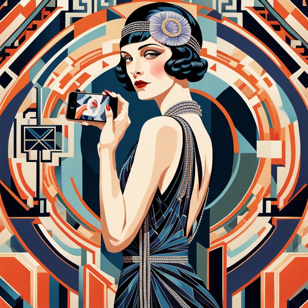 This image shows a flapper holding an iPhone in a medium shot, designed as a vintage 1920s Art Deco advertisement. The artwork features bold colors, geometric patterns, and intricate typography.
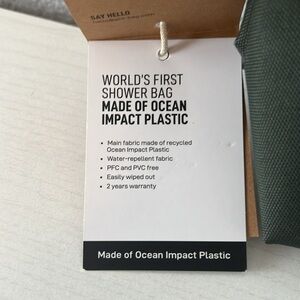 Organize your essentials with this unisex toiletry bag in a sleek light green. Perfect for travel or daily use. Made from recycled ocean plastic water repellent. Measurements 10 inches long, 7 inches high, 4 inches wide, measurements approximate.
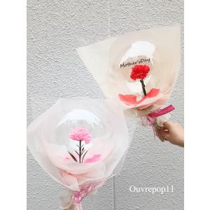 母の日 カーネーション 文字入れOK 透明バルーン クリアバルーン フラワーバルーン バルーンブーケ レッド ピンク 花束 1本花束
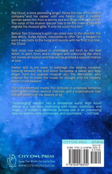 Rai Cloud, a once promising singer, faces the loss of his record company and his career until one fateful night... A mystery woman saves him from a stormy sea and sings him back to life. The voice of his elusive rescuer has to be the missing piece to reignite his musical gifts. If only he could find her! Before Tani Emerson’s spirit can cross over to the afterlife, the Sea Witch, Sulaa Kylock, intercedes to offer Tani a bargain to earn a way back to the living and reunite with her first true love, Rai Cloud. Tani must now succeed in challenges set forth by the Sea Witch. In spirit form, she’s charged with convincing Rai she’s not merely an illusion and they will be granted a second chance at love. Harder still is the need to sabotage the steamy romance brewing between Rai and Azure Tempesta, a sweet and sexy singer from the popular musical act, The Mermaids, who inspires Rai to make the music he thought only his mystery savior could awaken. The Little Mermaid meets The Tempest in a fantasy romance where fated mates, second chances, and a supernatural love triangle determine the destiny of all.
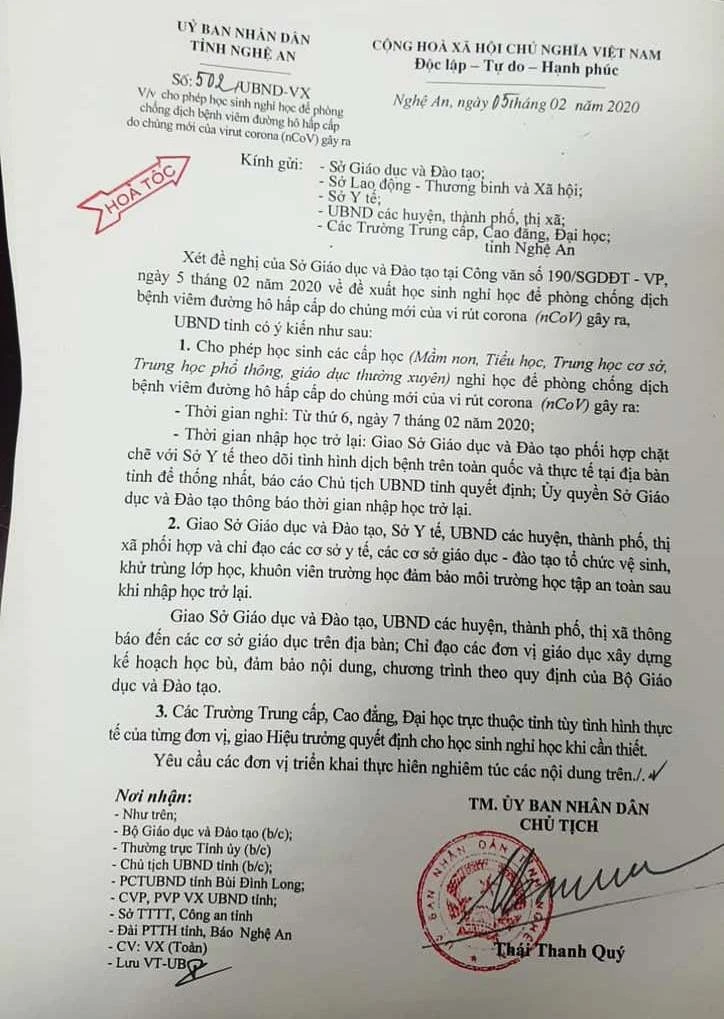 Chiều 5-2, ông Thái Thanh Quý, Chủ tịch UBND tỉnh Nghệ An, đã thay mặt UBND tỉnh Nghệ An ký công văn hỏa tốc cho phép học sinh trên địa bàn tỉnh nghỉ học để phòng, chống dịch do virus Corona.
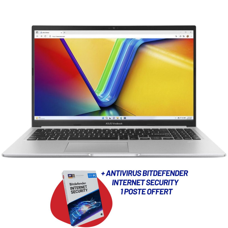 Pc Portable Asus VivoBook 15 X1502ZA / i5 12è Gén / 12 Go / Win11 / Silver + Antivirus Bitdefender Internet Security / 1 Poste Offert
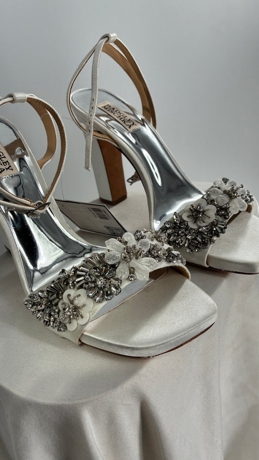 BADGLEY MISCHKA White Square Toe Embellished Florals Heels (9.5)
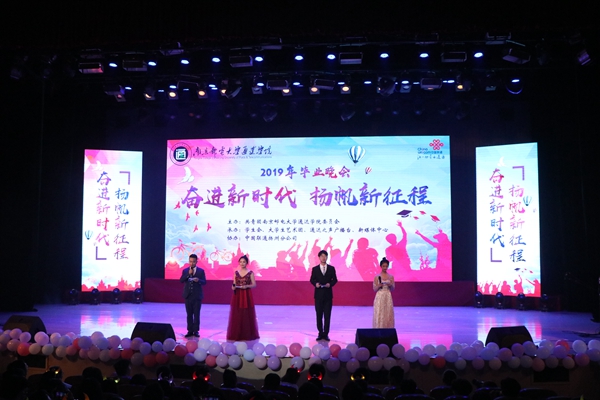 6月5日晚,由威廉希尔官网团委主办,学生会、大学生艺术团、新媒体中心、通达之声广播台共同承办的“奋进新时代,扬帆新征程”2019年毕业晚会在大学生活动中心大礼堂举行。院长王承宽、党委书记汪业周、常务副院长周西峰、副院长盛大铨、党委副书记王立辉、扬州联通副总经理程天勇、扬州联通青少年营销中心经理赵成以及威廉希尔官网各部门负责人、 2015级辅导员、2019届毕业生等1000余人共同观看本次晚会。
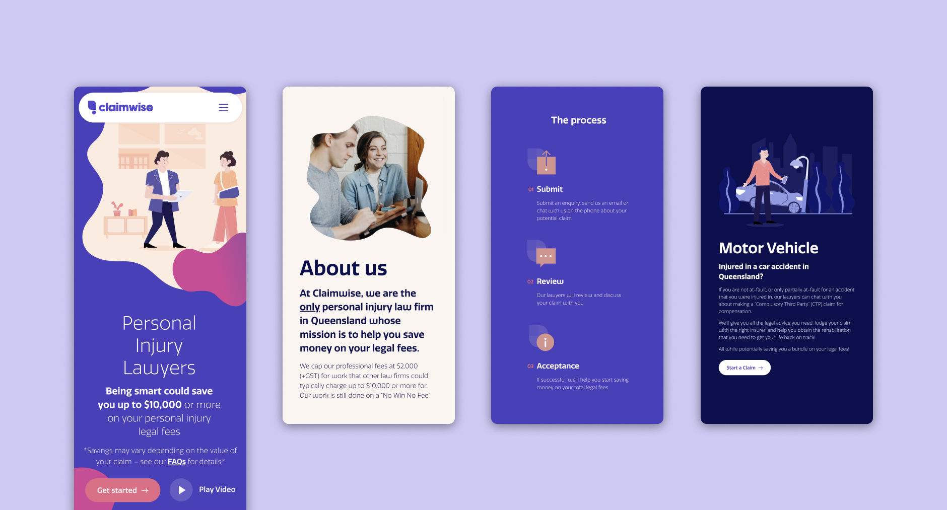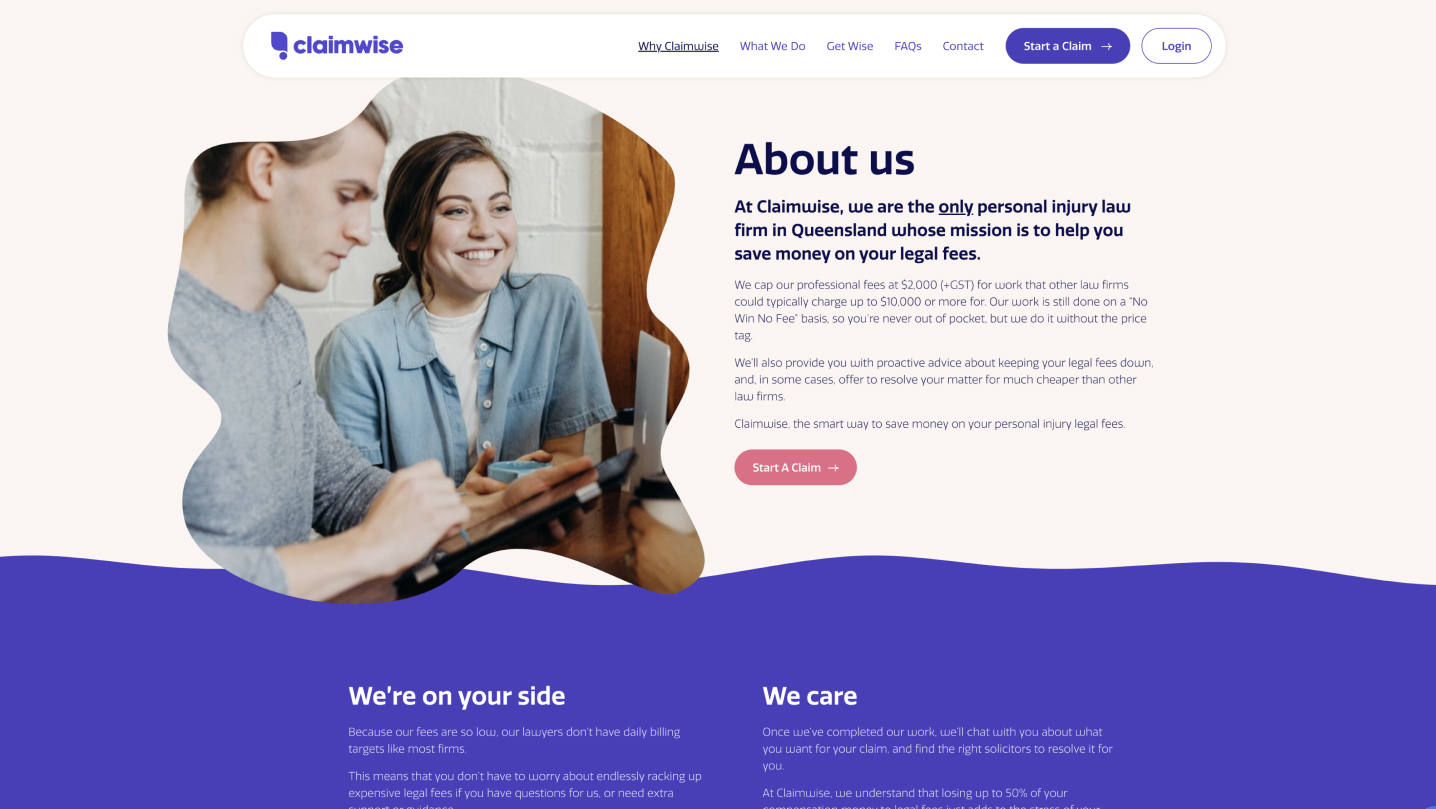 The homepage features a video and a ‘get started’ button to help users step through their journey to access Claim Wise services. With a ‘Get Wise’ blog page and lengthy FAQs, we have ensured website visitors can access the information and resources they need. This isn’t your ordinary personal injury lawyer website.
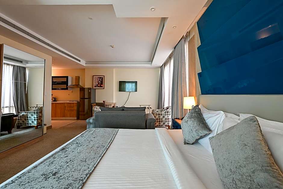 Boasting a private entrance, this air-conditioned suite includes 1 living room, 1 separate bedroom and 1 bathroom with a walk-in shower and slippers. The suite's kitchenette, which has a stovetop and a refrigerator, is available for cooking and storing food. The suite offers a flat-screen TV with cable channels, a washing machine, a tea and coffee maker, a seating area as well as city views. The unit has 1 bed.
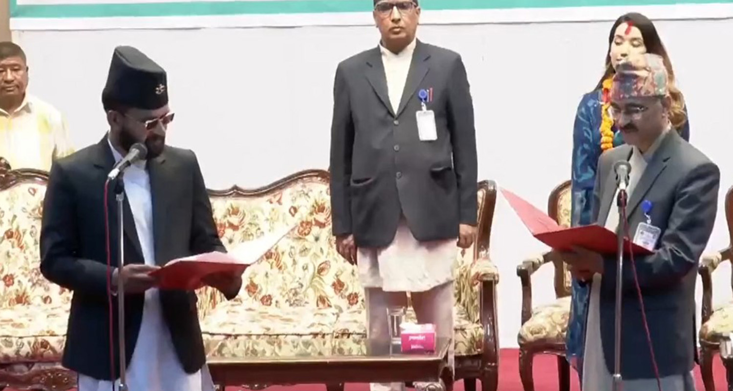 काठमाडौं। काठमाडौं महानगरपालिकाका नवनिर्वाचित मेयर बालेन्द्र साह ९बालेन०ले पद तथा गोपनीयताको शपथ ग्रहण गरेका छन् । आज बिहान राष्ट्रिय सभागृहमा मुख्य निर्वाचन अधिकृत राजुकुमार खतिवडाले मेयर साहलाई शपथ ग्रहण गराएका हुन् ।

WHAT YOU ARE ASKED TO DO: Reproduce, word for word, only the lines in the records above from the line with "Pc Portable Asus" through the line with "6月5日晚,由威廉希尔官网团", including both ends; omit the pictures.

ANSWER SECTION:
 Pc Portable Asus VivoBook 15 X1502ZA / i5 12è Gén / 12 Go / Win11 / Silver + Antivirus Bitdefender Internet Security / 1 Poste Offert
 BADGLEY MISCHKA White Square Toe Embellished Florals Heels (9.5)
 6月5日晚,由威廉希尔官网团委主办,学生会、大学生艺术团、新媒体中心、通达之声广播台共同承办的“奋进新时代,扬帆新征程”2019年毕业晚会在大学生活动中心大礼堂举行。院长王承宽、党委书记汪业周、常务副院长周西峰、副院长盛大铨、党委副书记王立辉、扬州联通副总经理程天勇、扬州联通青少年营销中心经理赵成以及威廉希尔官网各部门负责人、 2015级辅导员、2019届毕业生等1000余人共同观看本次晚会。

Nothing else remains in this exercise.